祁硯旌實在忍不住了,握拳抵唇忍了會兒,又按著眉心深呼吸幾下,才緩緩道:“沒關系,你畢竟是從出道起就喜歡我……的死忠粉,我請你。”

“不行。”許珝搖頭,連上揚的眼尾都是粉的。

祁硯旌沒回答,起身理了理衣領,目光卻又停在許珝的手上。

許珝被他看得莫名其妙,“你為什麽老是看我的手?”

“很白,”祁硯旌沒頭沒腦來了一句,“你很少讓它出來曬太陽。
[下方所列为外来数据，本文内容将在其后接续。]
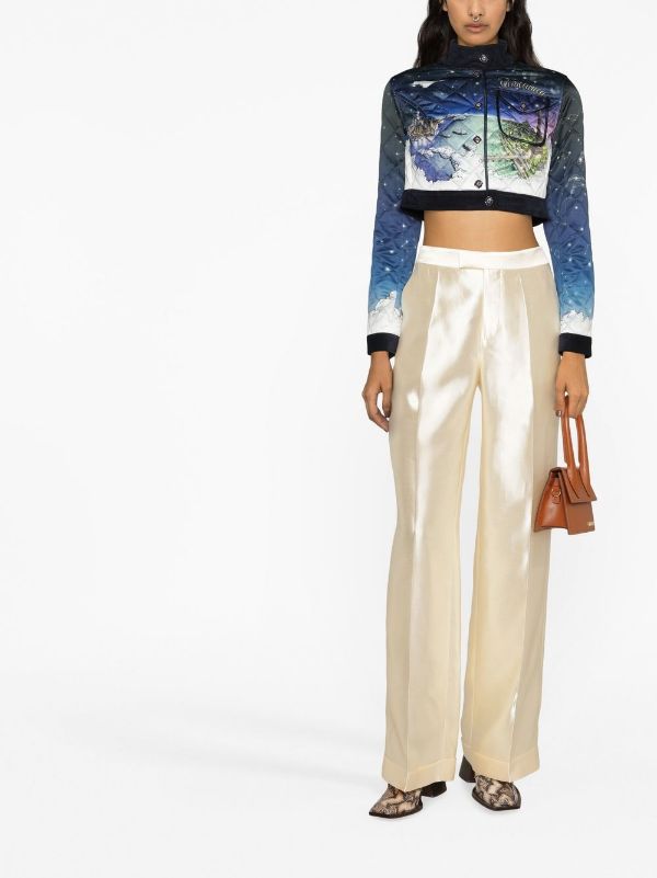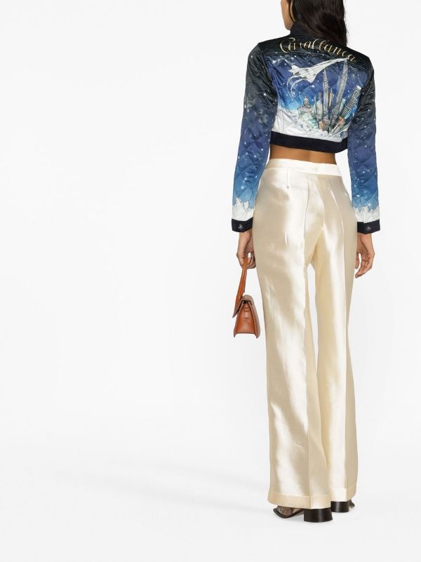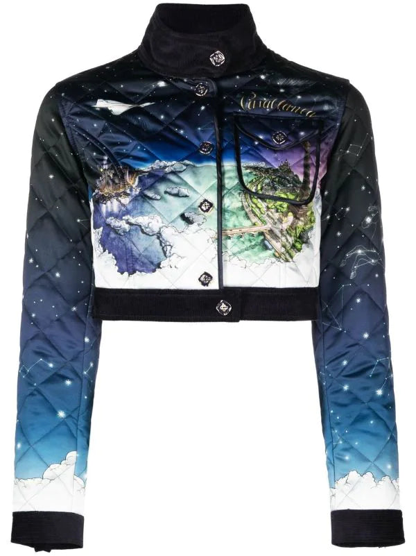 CASABLANCA WOMEN Illustration-print Quilted Cropped Jacket Blue Multicolour
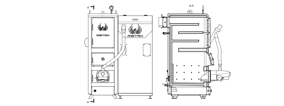 Твердотопливные котлы Retra-5М Combi предназначены для бытового использования и работают по принципу верхнего сжигания топлива. Стенки и колосниковая решетка котлов охлаждаются водой и изготовлены из высококачественного стального листа 3 мм. Оборудован пеллетной горелкой (факельной) и системой подачи топлива с бункером, работой котла управляет микропроцессор, подача топлива происходит автоматически (основной режим). Котлы модельного ряда Ретра-5М Combi также работают в режиме ручной загрузки топлива (резервный режим).
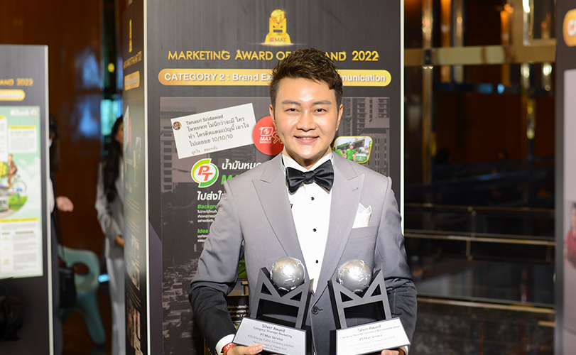 นายพร้อมศักดิ์ จรัญญากรณ์ กรรมการผู้จัดการ บริษัทแมกซ์ โซลูชัน เซอร์วิส จำกัด บริษัทในเครือพีทีจี ขึ้นรับรางวัลบนเวทีการประกวดแคมเปญการตลาดประจำปี ภายใต้ชื่องาน “Marketing Award of Thailand 2022” จัดขึ้นโดยสมาคมการตลาดแห่งประเทศไทย ซึ่งแคมเปญ PT Max Service (พีที แมกซ์ เซอร์วิส) สามารถคว้าชัยชนะในระดับ Silver มาถึง 2 รางวัลด้วยกัน ในประเภท 1) Strategic Marketing แคมเปญการตลาดที่มีความเป็นเลิศด้านกลยุทธ์ และ 2) Brand Experience & Communication แคมเปญการตลาดที่มีความเป็นเลิศด้านการสร้างคุณค่าของแบรนด์ จากผลงานเข้าร่วมประกวดทั้งสิ้น 73 ผลงาน จาก 39 องค์กรทั่วประเทศ นับเป็นก้าวย่างความสำเร็จและความภูมิใจที่ผลงานสื่อสารการตลาดอย่างสร้างสรรค์สามารถเกิดประโยชน์แก่ผู้บริโภคโดยตรงและได้รับการยอมรับจากองค์กรการตลาดระดับประเทศเช่นนี้

”

許珝:“?”

·

地下停車場裏,張暢按著時間來接許珝,剛停好車就看見相鄰車位裏的小徐。

他下車敲了敲那邊的車窗,小徐一張笑臉就從下滑的窗戶裏露了出來。

“誒小暢,你怎麽來這兒了?”

張暢笑道:“我們許珝來這兒吃飯,我來接他呀。”

“這不巧了嗎,”小徐下車,“我們祁哥也正好在這兒吃呢。”

他說著搭上張暢的肩,“幸好碰見你了,話說你有小珝和祁哥的那套表情包完整版嗎?”

“有啊,”張暢說,“怎麽了?”

誰料小徐猛地雙手合十,相當激動:“哎喲謝天謝地,快快快,給哥發一份!”

張暢懵逼地掏出手機:“怎麽你們祁老師身邊的人也用嗎?”

“怎麽不用?”小徐瞥他一眼,“這年頭不用這個,出社會別人該說你跟不上潮流了。”

“我也是苦啊,”小徐拍著張暢的背,“手頭一共就高平給的這麽幾張,跟我閨女鬥圖從來沒贏過,白天還被祁哥看見了!你說這運氣……”
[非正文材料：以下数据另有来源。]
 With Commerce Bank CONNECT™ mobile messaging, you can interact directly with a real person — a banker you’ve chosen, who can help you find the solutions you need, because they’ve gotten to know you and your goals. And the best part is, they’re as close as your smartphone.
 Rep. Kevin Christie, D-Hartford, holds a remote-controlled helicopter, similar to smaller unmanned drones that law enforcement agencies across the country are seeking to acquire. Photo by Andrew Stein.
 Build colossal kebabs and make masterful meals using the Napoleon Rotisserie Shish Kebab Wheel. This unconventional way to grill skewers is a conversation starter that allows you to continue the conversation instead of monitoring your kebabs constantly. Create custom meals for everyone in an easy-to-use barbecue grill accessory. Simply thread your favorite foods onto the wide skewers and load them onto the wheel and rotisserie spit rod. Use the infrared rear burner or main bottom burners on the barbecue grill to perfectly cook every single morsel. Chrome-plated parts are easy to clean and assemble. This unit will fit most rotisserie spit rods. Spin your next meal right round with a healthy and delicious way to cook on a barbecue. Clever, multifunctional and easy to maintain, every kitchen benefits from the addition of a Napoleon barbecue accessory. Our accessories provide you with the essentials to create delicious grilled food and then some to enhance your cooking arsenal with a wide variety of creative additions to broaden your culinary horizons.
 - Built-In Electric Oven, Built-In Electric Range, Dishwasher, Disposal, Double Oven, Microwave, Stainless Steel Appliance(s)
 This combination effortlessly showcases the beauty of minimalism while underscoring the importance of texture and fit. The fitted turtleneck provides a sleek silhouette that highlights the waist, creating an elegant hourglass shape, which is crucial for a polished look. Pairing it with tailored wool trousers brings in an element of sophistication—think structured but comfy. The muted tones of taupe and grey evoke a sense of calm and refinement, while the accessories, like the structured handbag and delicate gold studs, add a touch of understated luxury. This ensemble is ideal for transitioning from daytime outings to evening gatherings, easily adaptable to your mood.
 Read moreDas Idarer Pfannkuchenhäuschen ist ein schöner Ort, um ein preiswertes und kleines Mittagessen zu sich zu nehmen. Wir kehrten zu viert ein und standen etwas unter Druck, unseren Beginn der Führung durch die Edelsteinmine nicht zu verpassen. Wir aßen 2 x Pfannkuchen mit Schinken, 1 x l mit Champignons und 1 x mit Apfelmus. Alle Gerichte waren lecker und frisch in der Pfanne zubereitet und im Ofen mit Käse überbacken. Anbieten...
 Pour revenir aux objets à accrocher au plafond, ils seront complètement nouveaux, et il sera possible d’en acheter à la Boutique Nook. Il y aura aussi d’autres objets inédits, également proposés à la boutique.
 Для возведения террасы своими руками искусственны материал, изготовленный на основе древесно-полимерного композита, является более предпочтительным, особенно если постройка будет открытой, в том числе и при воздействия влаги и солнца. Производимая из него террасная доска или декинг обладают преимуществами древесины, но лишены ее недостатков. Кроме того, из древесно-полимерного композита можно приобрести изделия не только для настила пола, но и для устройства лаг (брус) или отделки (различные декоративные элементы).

張暢點了發送,聞言大驚:“你怎麽還能給他撞見呢,祁哥什麽反應?”

“他讓我用,還笑了,”小徐仰頭回想,打了個冷顫,“給我嚇死了,但凡他不那麽笑,我都不會瘆得慌。”

“不容易啊……”張暢同情地捏捏小徐的肩膀,看了眼手機:“喲小珝出來了,表情包我都打包發給你了,咱回見啊哥。”
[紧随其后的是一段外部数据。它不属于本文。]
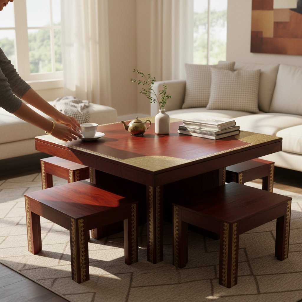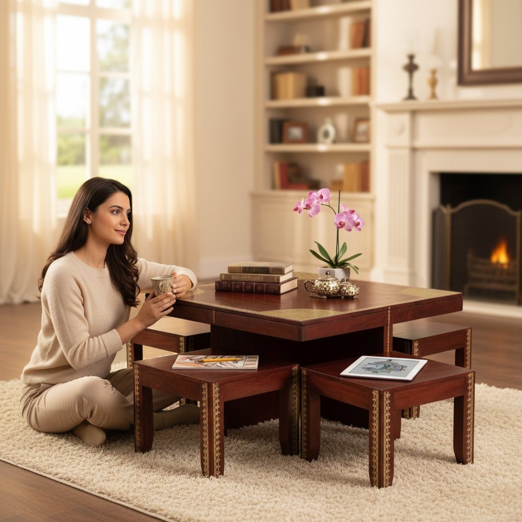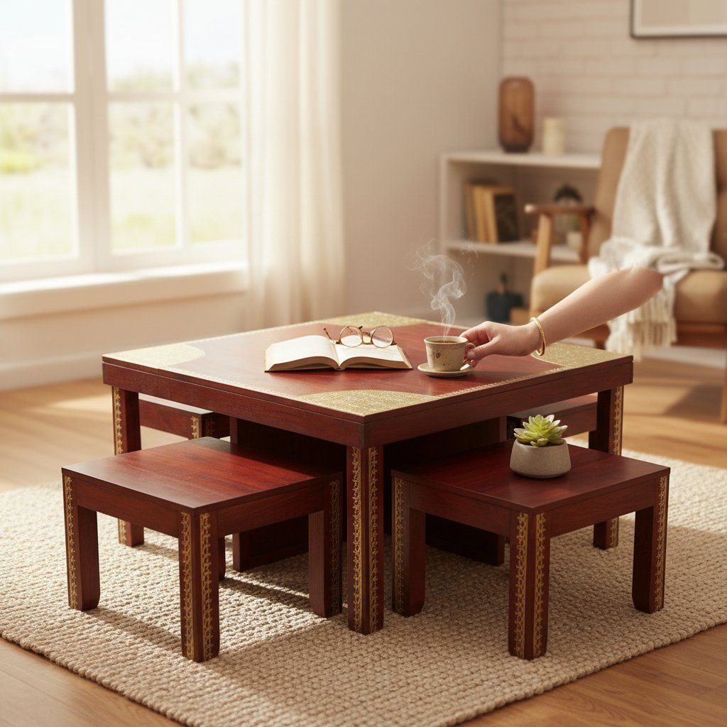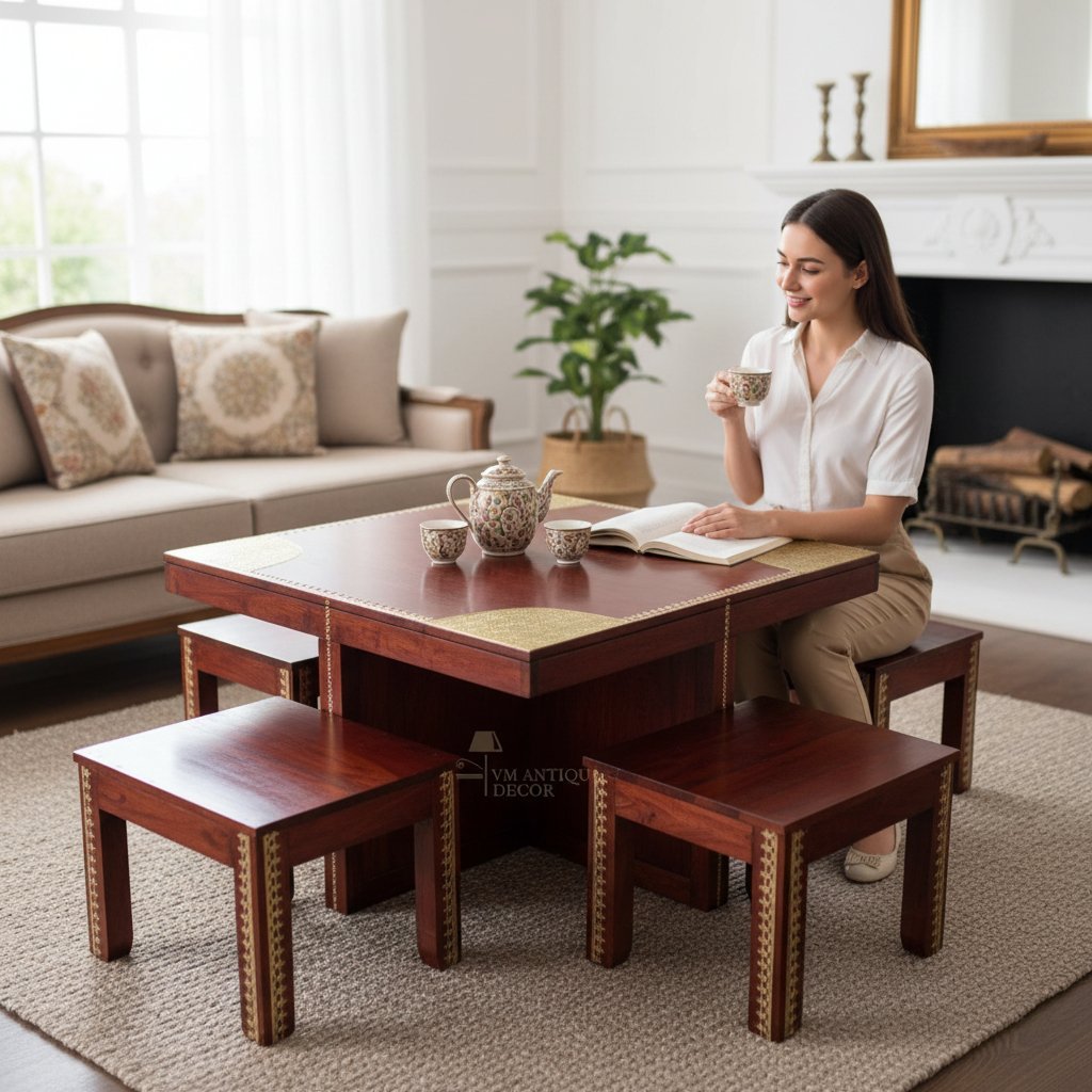 Home Coffee Table Wooden Brass Coffee Table With 4 Chair

“誒好,”小徐手機也震動了下,他拿起來一看,頓時笑起來,“今兒可真是太巧了,祁哥也剛好吃完。”

兩人勾肩搭背哥倆好的要上車,扭頭就見出口處慢悠悠晃出兩個人影。

兩人同時呆住,對視一眼,又緩緩看向出口的人,赫然是祁硯旌和許珝。

他們這些助理司機私下關系不錯能嘮上兩句,但他們的正主是絕對不會同屏出現的關系啊!

更別提祁硯旌眉眼帶笑,看起來心情相當不錯,而許珝臉頰緋紅,雙手捏著毛衣衣袖露出一點點雪白的指尖。

甚至他們有一搭沒一搭說著話。

小徐揉了揉眼睛,拿手肘撞身邊的張暢,聲音呆楞:“你看見了嗎?”

張暢也呆,“看見了,我家小珝氣色很久沒這麽好過了……”

小徐猛地扭頭看他。

張暢:“?……嘶你想什麽呢!”

他趕緊晃晃小徐:“大老爺們兒不好亂想的!”

小徐:“我想什麽了?”

“你什麽都沒想!”

小徐點頭,“我什麽都沒想。”

·

保姆車行駛在高架上,張暢如坐針氈,恨不得立刻找許珝問清楚前因後果。

許珝出來吃飯前,可沒告訴他們是和祁硯旌一起。

但此刻許珝額頭枕著車窗,眼神空洞心事重重,對他的詢問沒做出任何有效回答。

許珝是真的想不通,原身雖然不像電影演員有那麽高的片酬,但出道這些年當模特,掙得絕對不算少,怎麽可能只有五百塊的餘額。

他無論如何都想不通。

“暢兒,”許珝忽然看向張暢,“我很窮嗎?”

張暢一楞,“怎麽了嗎?”

“或者說,你覺得我平時是個喜歡揮霍的人嗎?”許珝又問。

張暢緩過神,明白了許珝的意思,他又對自己所剩無幾的小金庫郁悶了。

“沒事啊小珝,”張暢安慰道,“錢還會再有的,馬上評級這幾個月拍的戲演也都是會有片酬的。”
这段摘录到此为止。